The adversaries became known as the "watershedders" to the locals. They held the Skin Creek Farm Festival as a fund-raiser, selling crafts and food. The money was used for letter-writing campaigns and attorney fees, Parker said. The group was successful in slowing the project, he added.

"We won some battles but we lost the war," Parker said. "We think the deck was stacked, but when you have something you believe in you have to do it, win or lose."

Emotions ran high in the community, according to newspaper reports at the time. Proponents cited flood control and economic development for Lewis County, while the opposition said it also wanted to avert flooding and improve economic development, but wished to do it in a manner that wouldn't uproot so many families.

"I spent 10 years of my life fighting it," Spray said. It divided the community and there are places in Weston that I still hate to darken the door."

The watershed group disbanded in 1984, realizing it was defeated.

In the end, Spray did not lose her home. She only had to sell five acres. But she watched as her friends and neighbors quickly disappeared from the surrounding hills.

"It was pretty bad to see them have to move off the land they had been on for generations. The farmland was so beautiful," she said. "Now it is covered with water and yes, it is beautiful, but it is hard to see the beauty because I know the heartache and sorrow everyone went through."

Spray has visited the lake on a few occasions, but still isn't sure about it. Her family is trying to make the best of it, she said.

For Roanoke residents Barbara Hevener and her son, their convictions to not leave their home led them into a confrontation with United States marshals in the early '80s, according to newspaper reports.

Although the title for the Heveners' property was transferred to the government in 1981, they refused to leave their 28-acre farm and ignored the Corps' requests for two years, according to the Weston Democrat. They were finally forcibly evicted from the property, restrained in handcuffs and chains, and taken to the Lewis County Jail. A move that outraged local residents and officials.

"In my opinion, they treated those people awful. I absolutely wouldn't have handled it that way," said M. Ralph Hall, Lewis County sheriff at the time of the incident. "The day I would have had to do a little old lady and a boy like that is the day I would have quit my job."
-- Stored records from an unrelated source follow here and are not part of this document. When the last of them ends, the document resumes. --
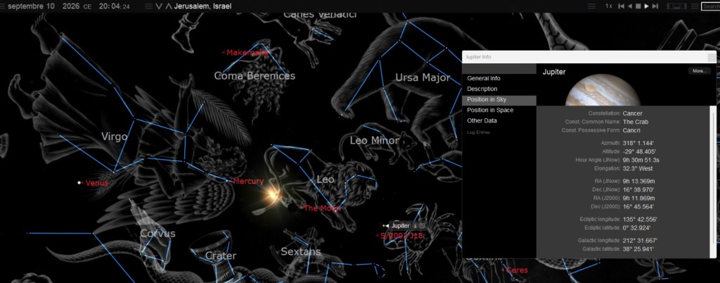 Mercure et Jupiter dans le Cancer, au moment de l’éclipse précédant la Fête des Trompettes 2026, annoncent l’approche d’un événement divin majeur. Le lien prophétique avec l’enlèvement de l’Église, Mercure annonce (le cri, le shofar, le messager), Jupiter rassemble le Roi, et les juste, Cancer reçoit (c’est la maison céleste), L’Argo (le vaisseau de l’Église)transporte ceux qui appartiennent à Christ. Cette image céleste complète de l’Enlèvement dépeint la réunion finale des fidèles dans la demeure céleste ou une place nous a été préparé. C’est l’annonce céleste du retour du Roi, venant chercher son Épouse préparée (Vénus dans la Vierge). Le Cancer représente la Maison du Père, et l’Argo, le vaisseau céleste, évoque le passage final des fidèles vers le Royaume. L’ensemble forme une parabole céleste de l’enlèvement, elle est à la fois un avertissement pour les impies de ce monde et une promesse pour le véritable croyant.
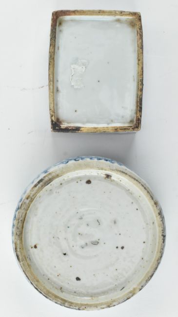 A Qing dynasty blue and white inkwell and a seal paste box. The inkwell decorated with flower and foliage and the seal paste box decorated with flower and fret tendrils along the cover. Ink well measures approx. 2.5cm tall x 9.5 cm diameter and the seal box measures 3.5cm x 8cm long.
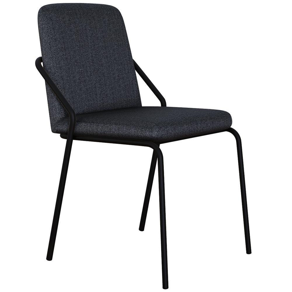 Cadeira Estofada Para Sala De Jantar Loft Preto C01 Linho Grafite - Lyam Decor
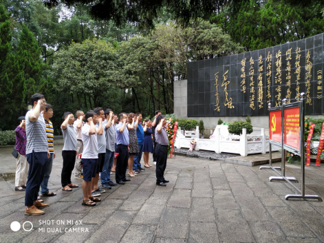 杨开慧烈士陵墓前,在领誓人陈积光同志的带领下,全体党员重温入党誓词,并向杨开慧烈士敬献花篮。
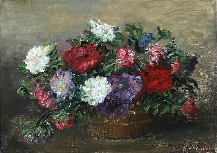 Still life with flowers in a basket.
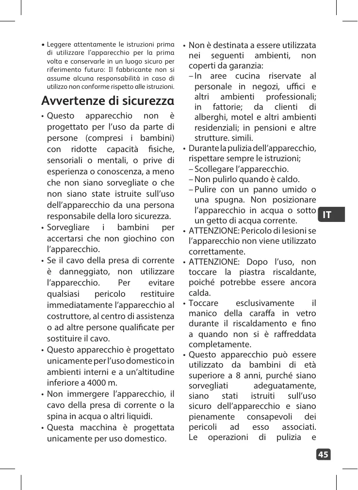 + Ne pas utiliser la verseuse dans un four à micro-ondes, sur une flamme et sur des plaques de cuisinières électriques.
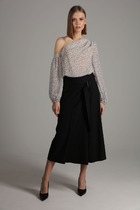 Стильная мини юбка выполнена из полотна шоколадного цвета с принтом горох. Характеристики: свободный крой, пояс на резинке, низ изделия – подгиб на резинке. Длина 46 см.
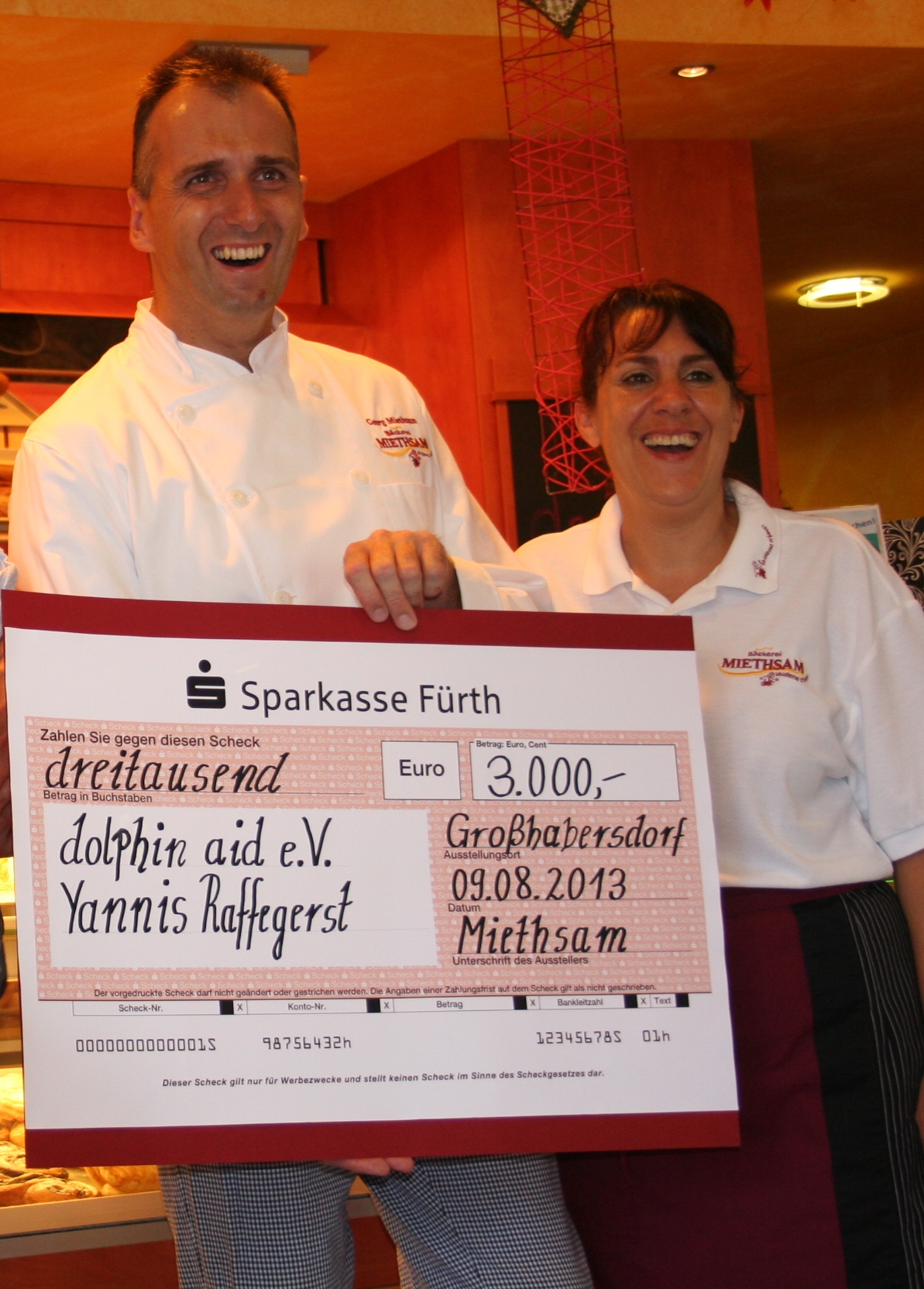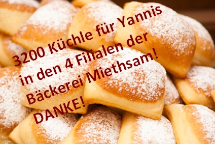 Küchle für Yannis Die Aktionstage fanden statt in Ammerndorf: 05. Juli 2013 --> 800 Küchle verkauft !!! Das war eine für mich sehr erfolgreiche Aktion! 3200 verkaufte Küchle! Zusammen mit den Spendendosen kam eine Ich danke der Familie Miethsam, dem Team der Bäckerei und natürlich allen Küchle-Käufern!!! Ihr seid SUPER!
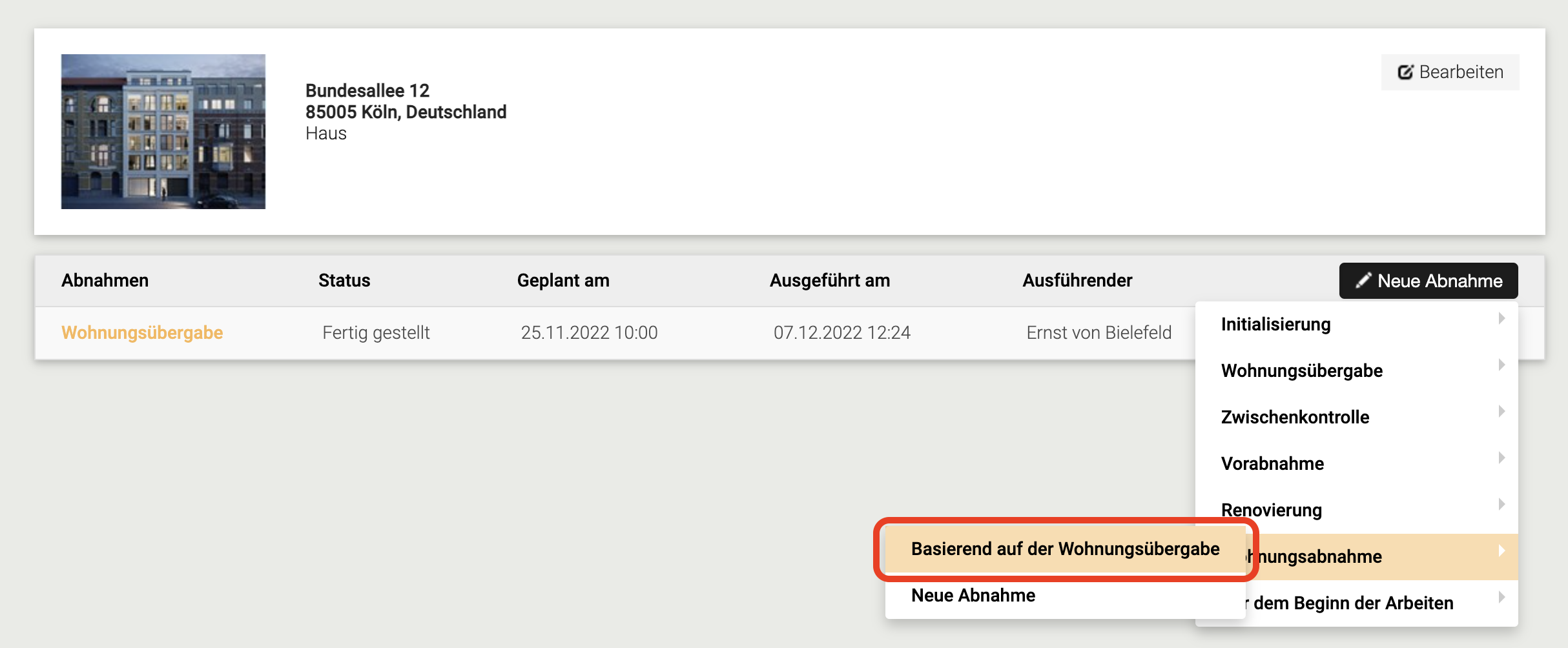 Das Prinzip funktioniert auch bei anderen Typen von Abnahmen. Sie können beispielsweise eine Zwischenkontrolle auf der Grundlage der Wohnungsübergabe, eine Wohungsabnahme auf der Grundlage einer Vorabnahme und sogar eine neue Wohnungsübergabe auf der Grundlage der vorherigen Wohnungsabnahme durchführen.
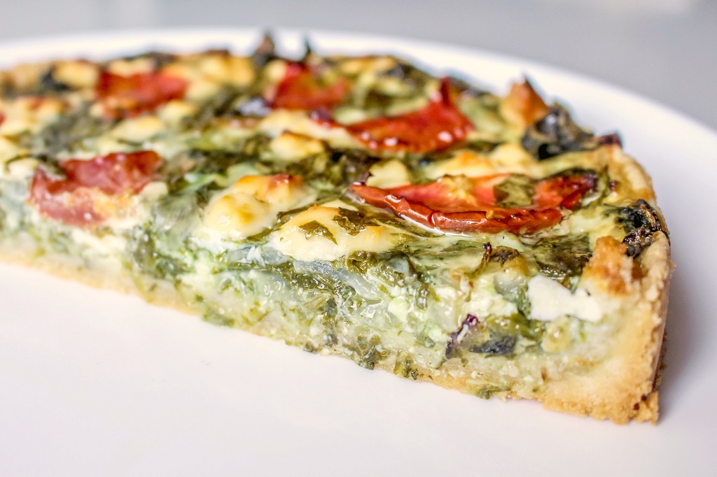 ФРАНЦУЗСКИЙ КИШ С ИНДЕЙКОЙ, ВЯЛЕННЫМИ ТОМАТАМИ И ШПИНАТОМ
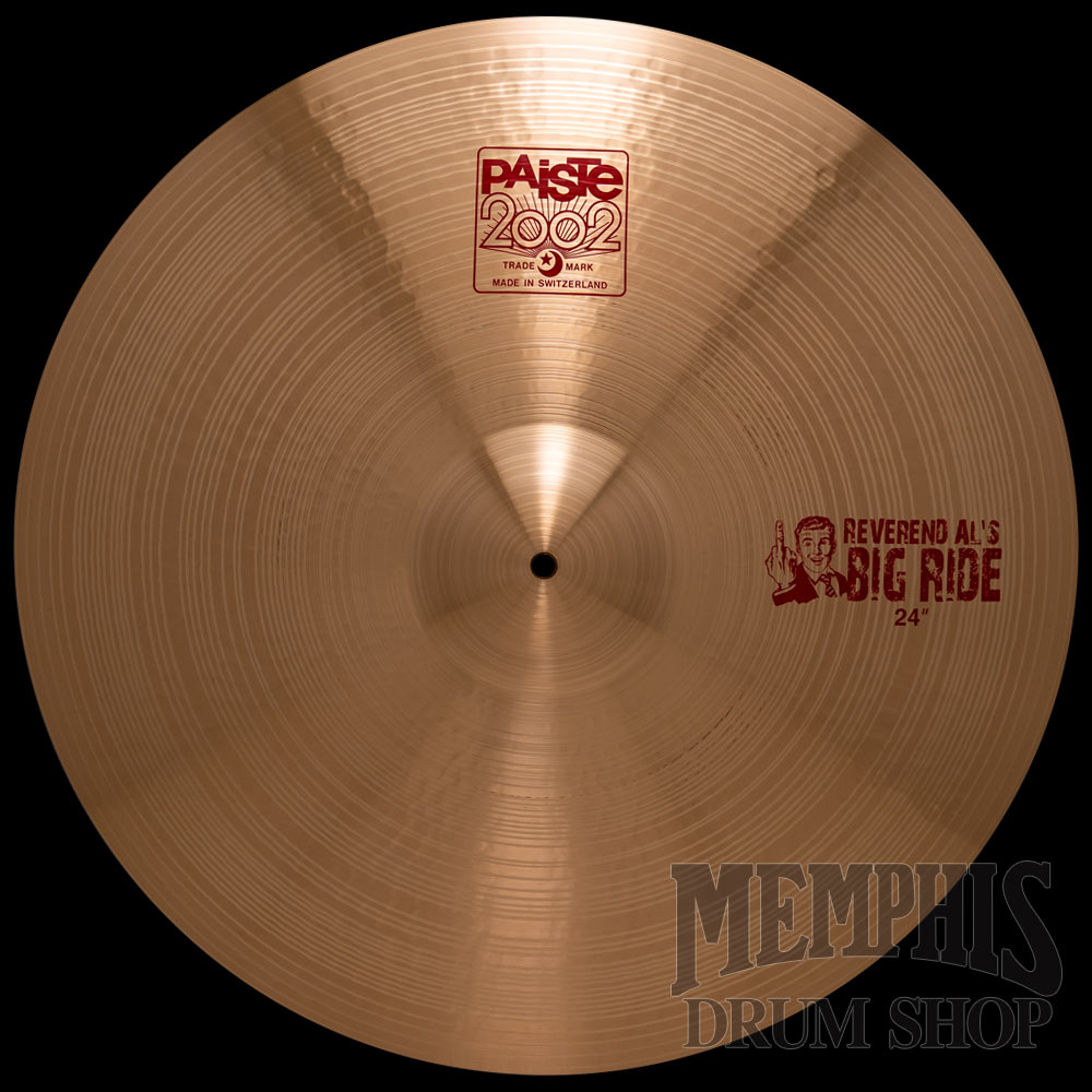 The 24" Paiste 2002 "Reverend Al's" Big Ride Cymbal is a part of Alex Van Halen's unmistakably unique sound. His setup always consisted primarily of 2002 cymbals so it's not a surprise that the new "Reverend Al's Big Ride", created in co-operation with Alex, is also part of the 2002 range. Soundwise this 24" cymbal is similar to the 24" Giant Beat, which has been Alex's favorite ride cymbal since it's re-release in 2005. The Paiste Sound Development team adopted the specifications of the 24" Giant Beat by mimicking the Giant Beat's shape, weight, bell size, and hammering patterns. This beautiful cymbal is finished using the unmistakable and characteristic 2002 lathing technique. It differs from the 24" Giant Beat primarily due to its remarkably silky ping and although being relatively light in weight, the Big Ride produces a rich, full bodied sound that covers a wide range of dynamics. This cymbal is also a fantastic crash cymbal.
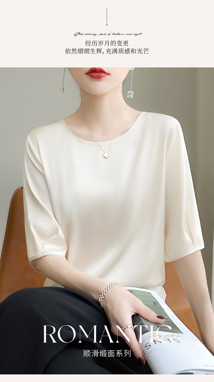 通気性シルクサテン 2025 春夏新作レディースラウンドネックルーズソリッドカラーアセテートサテン多用途 Tシャツトップ

Hall and members of his staff helped move the Heveners to stay with relatives, he said. Hall said he dealt with many of the "dam people" during his tenure and never had trouble with them. The people understood he was just doing his job, he said.

Parker is quick to point out he did not sell his land near Little Skin Creek: It was condemned by the government. He refused the amount they offered and eventually went to court. But in his opinion, the procedure was not fair.

In 1981, he received $143,279 for his 82-acre farm, according to courthouse records. It was $25,000 less than what the government had previously offered, Parker said. His property also contained timber, coal, gas and oil which made it more valuable, he added.

Most of his property now sits under water and he is saddened at the fate of his former friends and neighbors.

"People had roots back for generations to the 1700s," he said. "There was a sentimental value not taken into account."

Parker doesn't visit the lake at all.

"I remember the old timers who fought against it and I consider the situation similar to that like the American Indians and it is like walking over the graves of our people," he said.